* Activity *
Go through the data line by line. Copy each one holding the string "Their".

* Task data *
◇ ◇ ◇

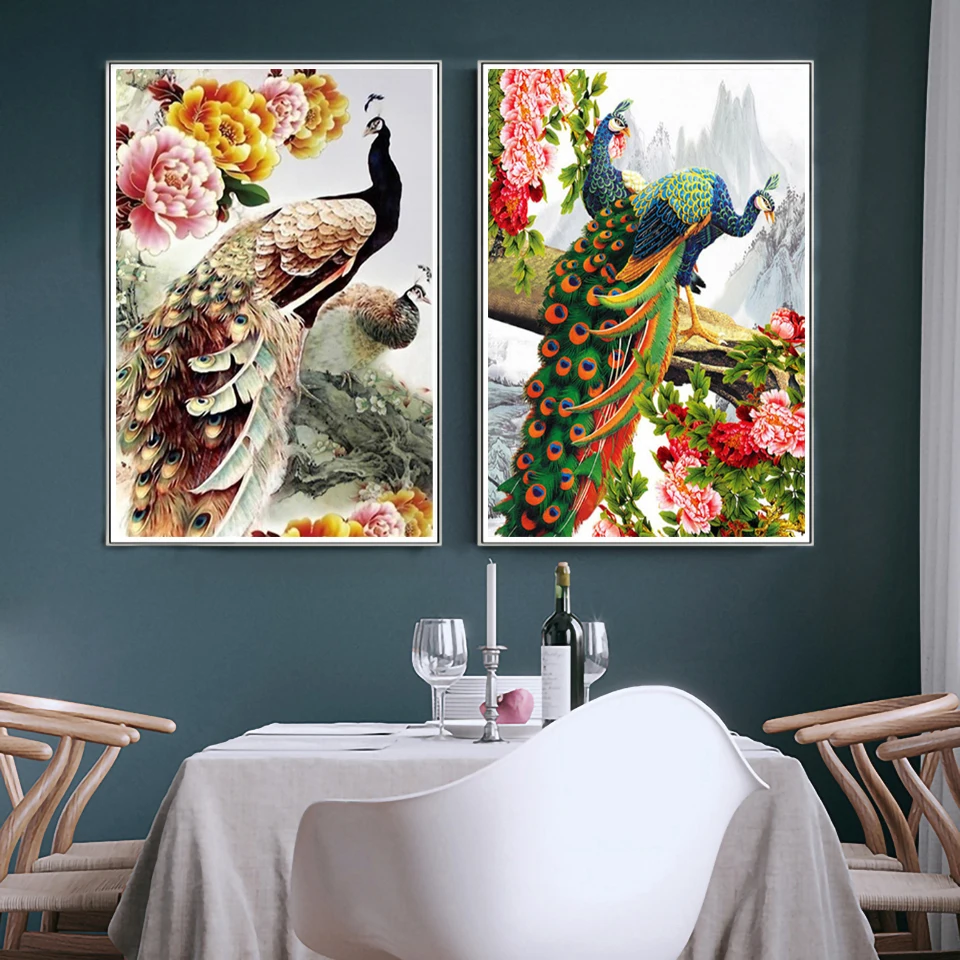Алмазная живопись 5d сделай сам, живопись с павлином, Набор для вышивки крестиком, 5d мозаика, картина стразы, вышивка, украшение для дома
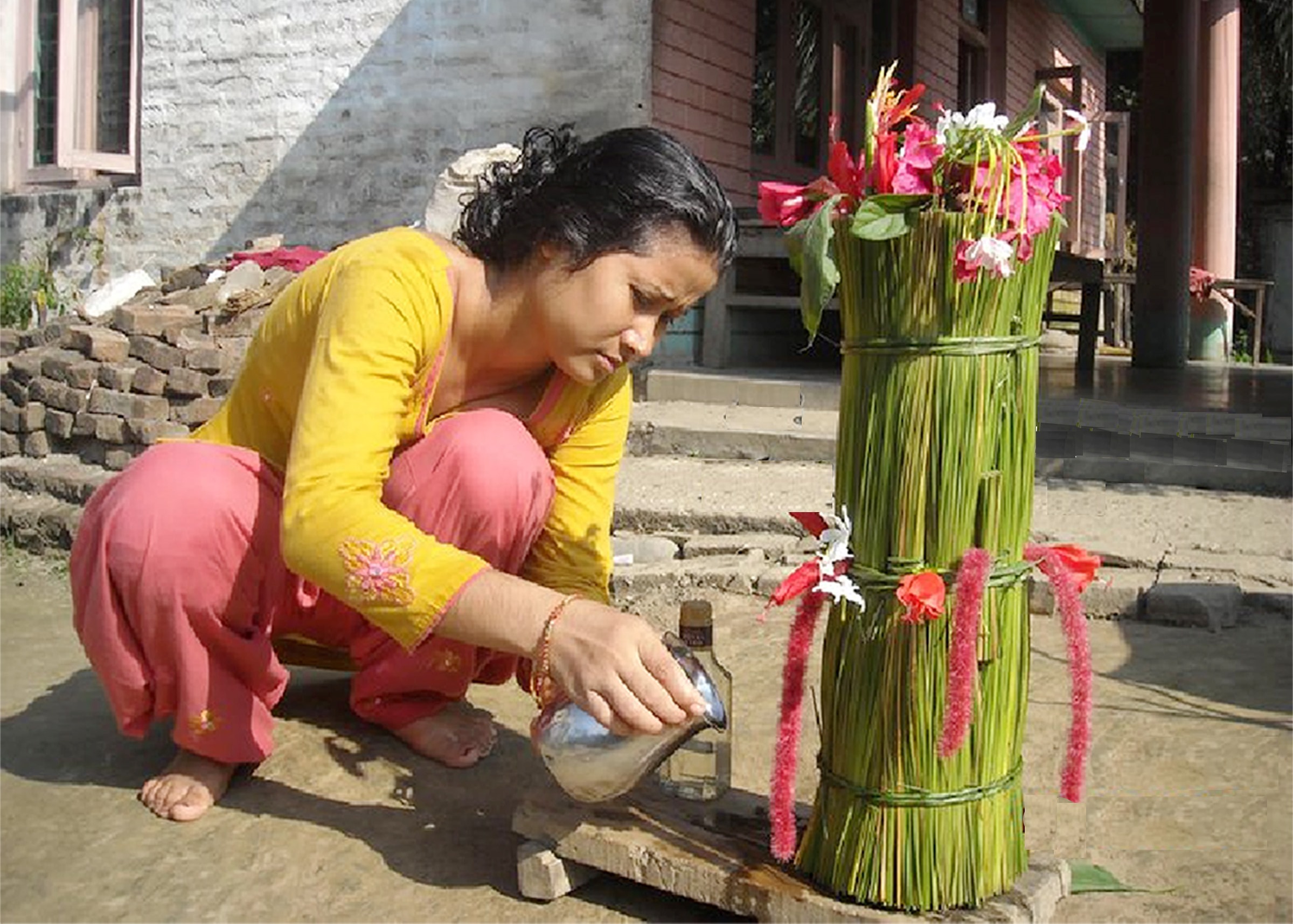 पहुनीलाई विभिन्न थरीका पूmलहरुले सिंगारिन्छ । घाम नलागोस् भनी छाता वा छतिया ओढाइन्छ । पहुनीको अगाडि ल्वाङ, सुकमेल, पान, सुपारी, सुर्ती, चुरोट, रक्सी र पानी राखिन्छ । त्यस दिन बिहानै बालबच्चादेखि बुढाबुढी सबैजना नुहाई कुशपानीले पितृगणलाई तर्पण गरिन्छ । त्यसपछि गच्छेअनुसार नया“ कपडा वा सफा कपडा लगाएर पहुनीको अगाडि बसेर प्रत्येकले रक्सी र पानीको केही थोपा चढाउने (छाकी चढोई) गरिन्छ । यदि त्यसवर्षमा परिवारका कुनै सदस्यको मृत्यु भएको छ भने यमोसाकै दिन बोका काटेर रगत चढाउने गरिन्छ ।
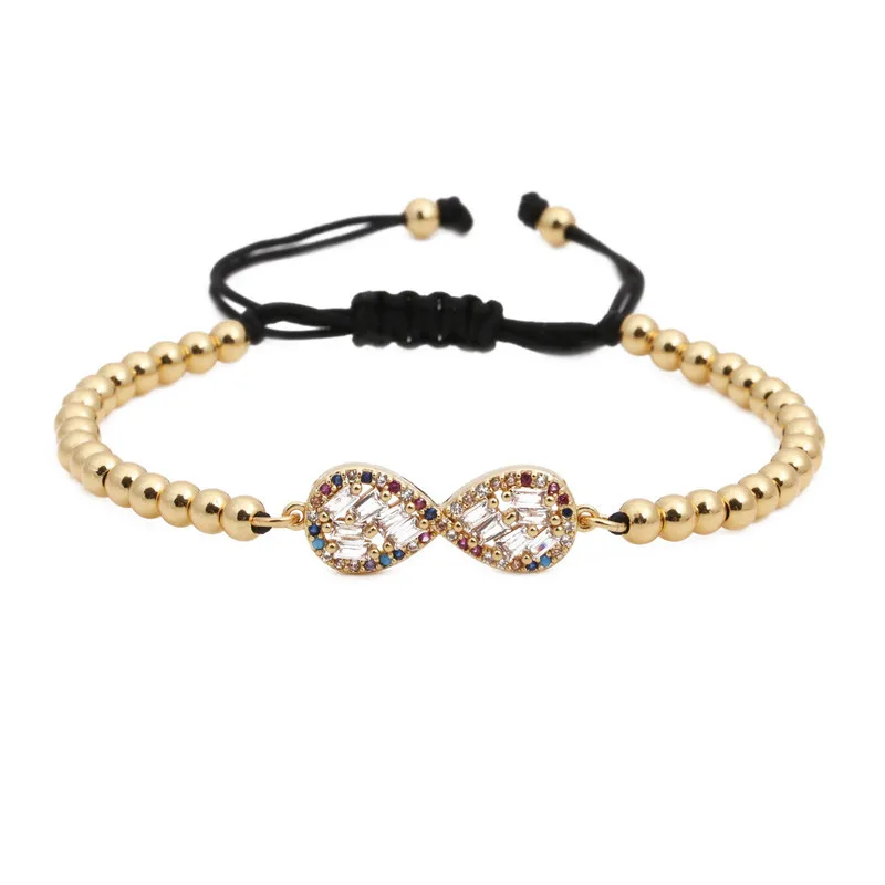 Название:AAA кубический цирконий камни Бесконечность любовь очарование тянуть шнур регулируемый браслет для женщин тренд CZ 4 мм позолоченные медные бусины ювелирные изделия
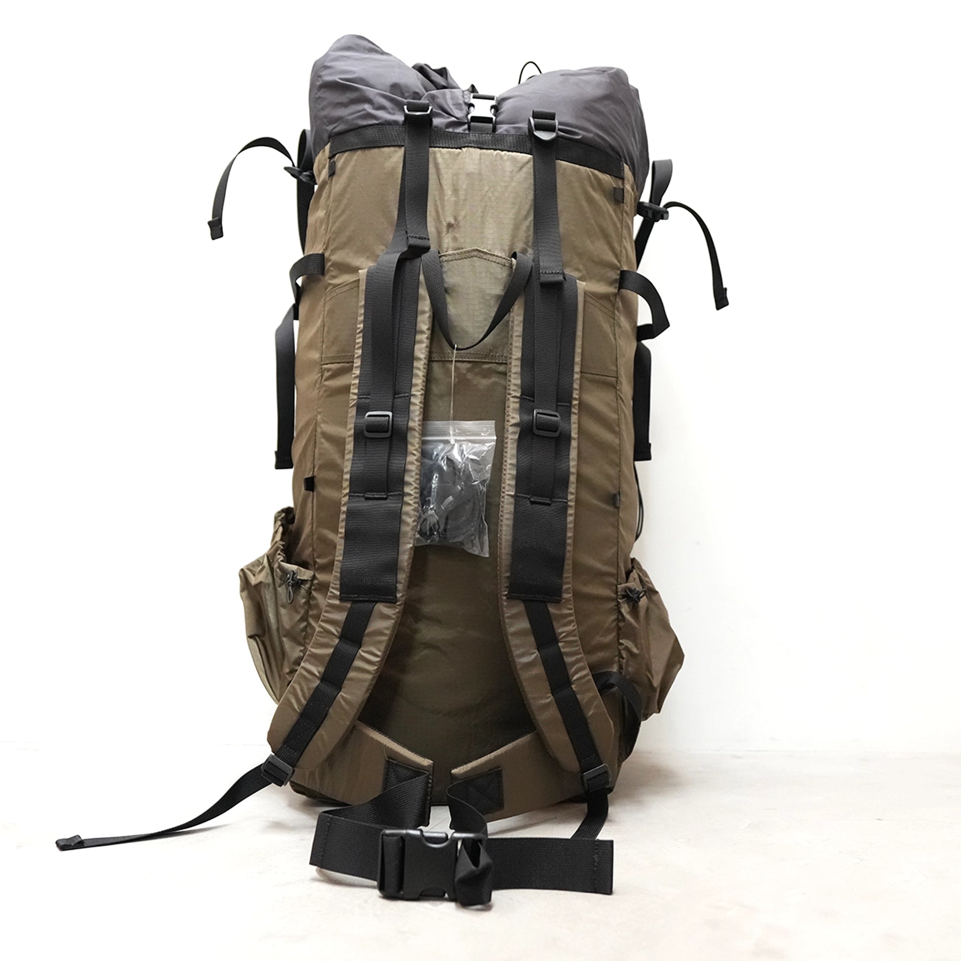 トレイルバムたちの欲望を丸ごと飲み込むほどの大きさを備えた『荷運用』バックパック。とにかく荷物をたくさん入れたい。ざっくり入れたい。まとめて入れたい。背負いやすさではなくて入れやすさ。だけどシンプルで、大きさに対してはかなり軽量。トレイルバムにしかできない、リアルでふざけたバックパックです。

◇ ◇ ◇

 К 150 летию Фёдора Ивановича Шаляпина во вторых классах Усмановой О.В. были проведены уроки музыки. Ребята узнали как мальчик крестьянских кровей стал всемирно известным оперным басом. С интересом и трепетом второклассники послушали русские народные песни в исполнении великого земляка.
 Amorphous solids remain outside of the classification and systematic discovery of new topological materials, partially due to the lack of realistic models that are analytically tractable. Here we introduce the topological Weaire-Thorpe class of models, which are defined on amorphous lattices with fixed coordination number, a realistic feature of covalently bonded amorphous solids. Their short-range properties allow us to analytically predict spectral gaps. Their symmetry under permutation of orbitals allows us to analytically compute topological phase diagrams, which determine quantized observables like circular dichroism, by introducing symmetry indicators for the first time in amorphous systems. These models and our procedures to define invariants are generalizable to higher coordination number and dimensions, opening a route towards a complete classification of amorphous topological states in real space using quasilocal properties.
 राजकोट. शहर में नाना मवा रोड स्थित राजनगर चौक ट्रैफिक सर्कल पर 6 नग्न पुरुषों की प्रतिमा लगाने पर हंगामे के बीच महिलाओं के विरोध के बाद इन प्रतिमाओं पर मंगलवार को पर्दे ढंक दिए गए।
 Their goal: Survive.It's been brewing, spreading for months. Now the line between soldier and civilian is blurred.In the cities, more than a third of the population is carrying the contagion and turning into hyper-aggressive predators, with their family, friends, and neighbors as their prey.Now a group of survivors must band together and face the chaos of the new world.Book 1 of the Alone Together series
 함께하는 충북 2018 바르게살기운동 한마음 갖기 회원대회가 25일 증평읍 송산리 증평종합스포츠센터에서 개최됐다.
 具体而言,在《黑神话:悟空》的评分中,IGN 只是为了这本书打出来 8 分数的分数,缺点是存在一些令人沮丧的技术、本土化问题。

◇ ◇ ◇

* Answer *
 Amorphous solids remain outside of the classification and systematic discovery of new topological materials, partially due to the lack of realistic models that are analytically tractable. Here we introduce the topological Weaire-Thorpe class of models, which are defined on amorphous lattices with fixed coordination number, a realistic feature of covalently bonded amorphous solids. Their short-range properties allow us to analytically predict spectral gaps. Their symmetry under permutation of orbitals allows us to analytically compute topological phase diagrams, which determine quantized observables like circular dichroism, by introducing symmetry indicators for the first time in amorphous systems. These models and our procedures to define invariants are generalizable to higher coordination number and dimensions, opening a route towards a complete classification of amorphous topological states in real space using quasilocal properties.
 Their goal: Survive.It's been brewing, spreading for months. Now the line between soldier and civilian is blurred.In the cities, more than a third of the population is carrying the contagion and turning into hyper-aggressive predators, with their family, friends, and neighbors as their prey.Now a group of survivors must band together and face the chaos of the new world.Book 1 of the Alone Together series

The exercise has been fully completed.